The motors are NEW still in its original box, complete with all its useful pieces for installation on a standard bicycle man/woman from 26' or 28 '.   
The engine was made in a limited series - in the end of  '90s - by the Arms Factory "Metrom"/Brasov – Romania.
The Factory Metrom was part of the State Group "RomArm" - specialized in the production of light and heavy weapons.
The Metrom Brasov Engine Factory has a long tradition in the production of engines for motorcycles and bicycles too.
The Factory "Metrom" was in Romania what the "Garelli"/Mosquito was in Italy, the "Jlo Werke" was in Germany  or the "Whizzer" or the "Sears Free Spirit"/"Bike Bug" was in USA.
The bicycle motor "Metrom" was produced in 1000 units to be used inside the Military Airports and, in limited quantities' (only 700 units), to be sold on the German market.
The engine is an extraordinary piece.
Unique in its kind.
It was created with the technology of armaments:










- Light and fast: made with special alloy with high resistance.
- Durable: made to last in tough conditions of use.
- Easy to disassemble / reassemble.
35 cc engine, equipped with automatic centrifugal clutch in oil bath, carburetor manufactured under license dell'Orto, electronic ignition, gas tank and all parts necessary for assembly. Yes there are Spare Parts (Factory Original) available also.

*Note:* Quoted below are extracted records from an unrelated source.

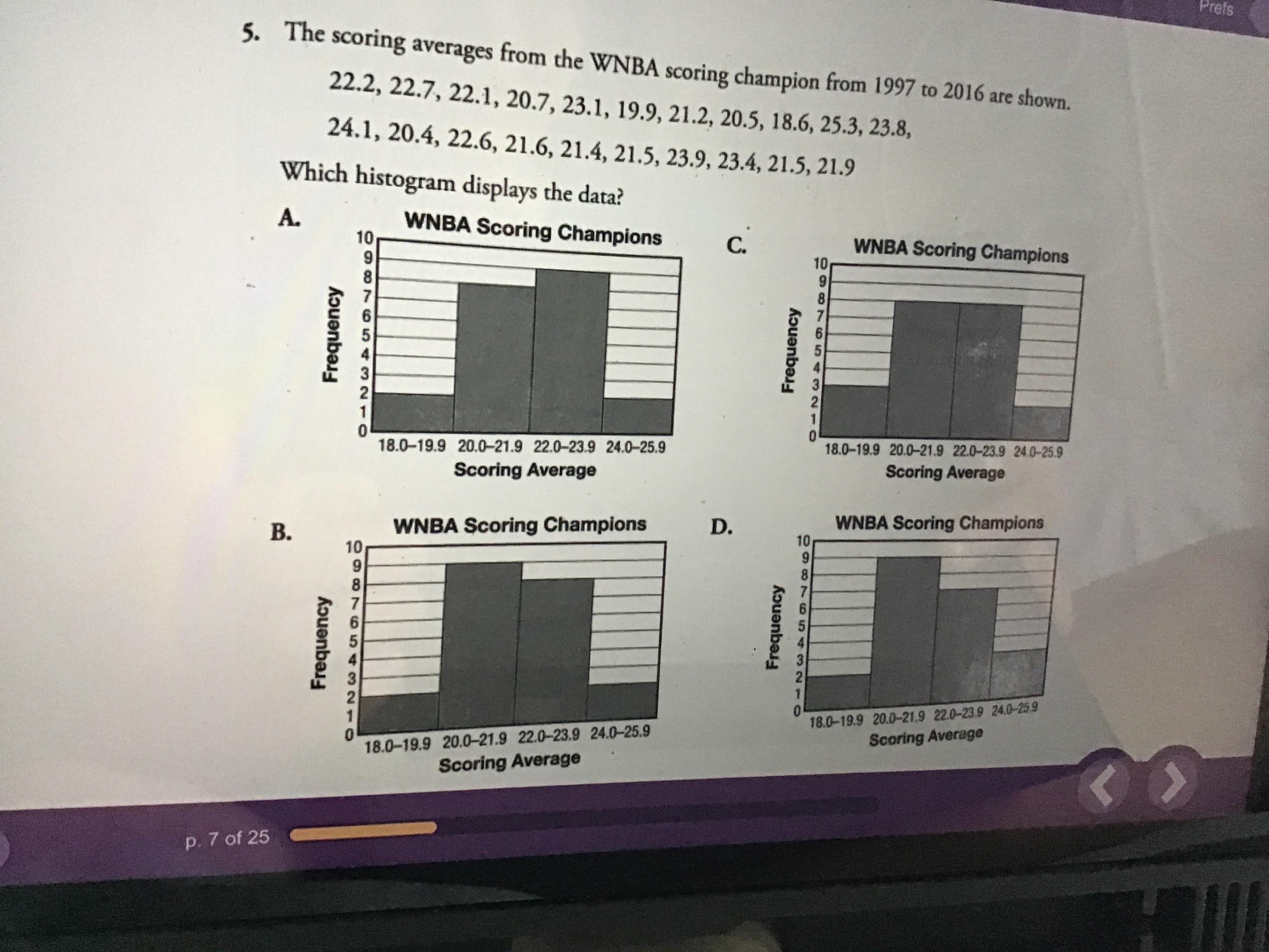Both B and D have graphs with 9 values that are between 2-21.9, however A only has 8 values.
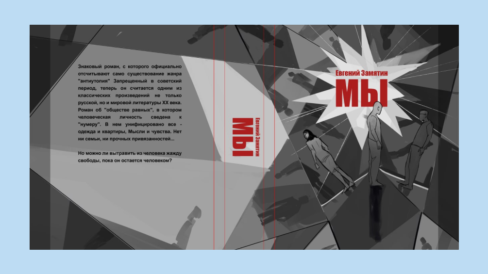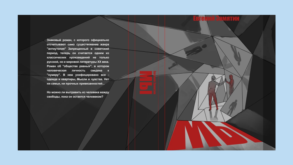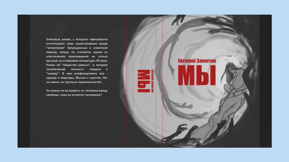 Разумеется, первым делом я изучила уже существующие варианты визуализации этого романа. Обложки прежних изданий, а также экранизацию, вернее её трейлер, так как фильм, насколько мне известно, так и не вышел. Старые издания в основном оформлялись в стиле советского конструктивизма, что хоть и является самой первой и очевидной ассоциацией к содержанию книги, но всё-таки мне не подошло. Хотелось осовременить визуальный ряд и сделать его более реалистичным. А что касается экранизации, она мне не очень приглянулась. Гораздо больше меня вдохновляли воспоминания о фильме «Эквилибриум» – одним из любимых фильмов моего детства. На мой взгляд, его стилистика и атмосфера намного больше подходят для произведения Замятина.
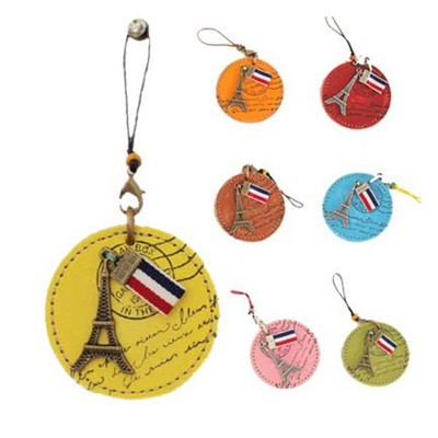 • 可愛巴黎鐵塔拼布皮革專屬吊飾,
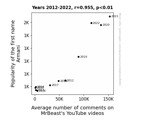 This means 91.2% of the change in the one variable (i.e., Average number of comments on MrBeast's YouTube videos) is predictable based on the change in the other (i.e., Popularity of the first name Armani) over the 11 years from 2012 through 2022.
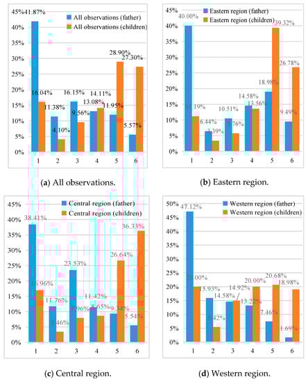 (1) The income levels of rural fathers and their children are noticeably different. Fathers had the highest proportion of lower incomes in our study observations, with this proportion exhibiting a decreasing “western–central–eastern” trend, while their children had the highest proportion of higher incomes, with this proportion exhibiting a decreasing “eastern–central–western” trend, coinciding with the gradient pattern of China’s economic development.
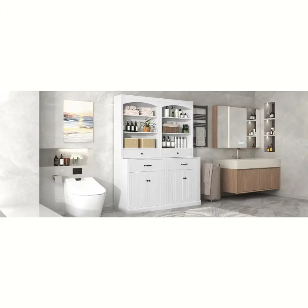 Akoasm Mdf Combination Bathroom Storage Cabinet With Doors£¬6 Open & Adjustable Shelves£¬and Drawers-white
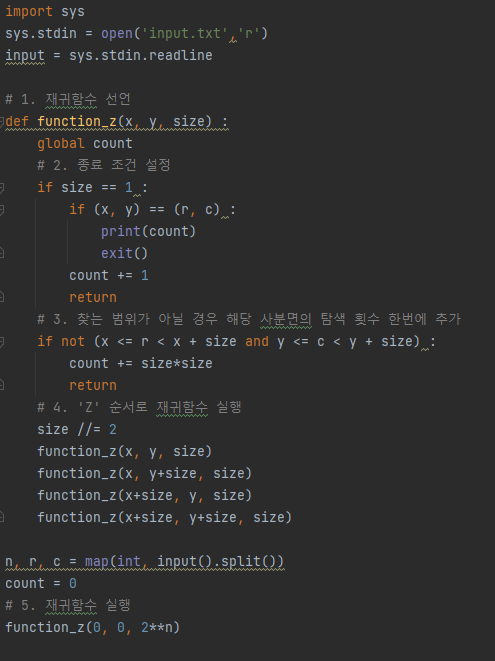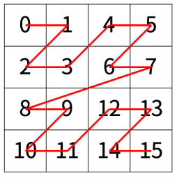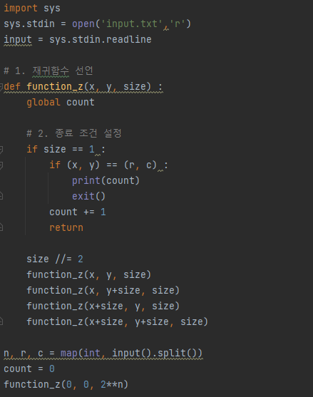 한수는 크기가 2N × 2N인 2차원 배열을 Z모양으로 탐색하려고 한다. 예를 들어, 2×2배열을 왼쪽 위칸, 오른쪽 위칸, 왼쪽 아래칸, 오른쪽 아래칸 순서대로 방문하면 Z모양이다.

We are gathering a list of interested buyers so we can split the freight form Europe and give everyone the best deal possible.

Please send your address and telephone number to sales@bikebug.net


----------



## thehugheseum (Jun 25, 2015)

what era are these? they look fairly modern,cad plating,plastic.....im just curious


----------



## bricycle (Jun 25, 2015)

thehugheseum said:


> what era are these? they look fairly modern,cad plating,plastic.....im just curious




 end of the 1990's...see in original post...


----------



## Iverider (Jun 25, 2015)

Seems like a classified ad to me. Price?


----------



## thehugheseum (Jun 25, 2015)

doh! shoulda read the ad better.....im feeling so much older realizing the 1990s is a long time ago!


----------



## Iverider (Jun 25, 2015)

Yeah. Turn of the century bikes are only 15 years old!


----------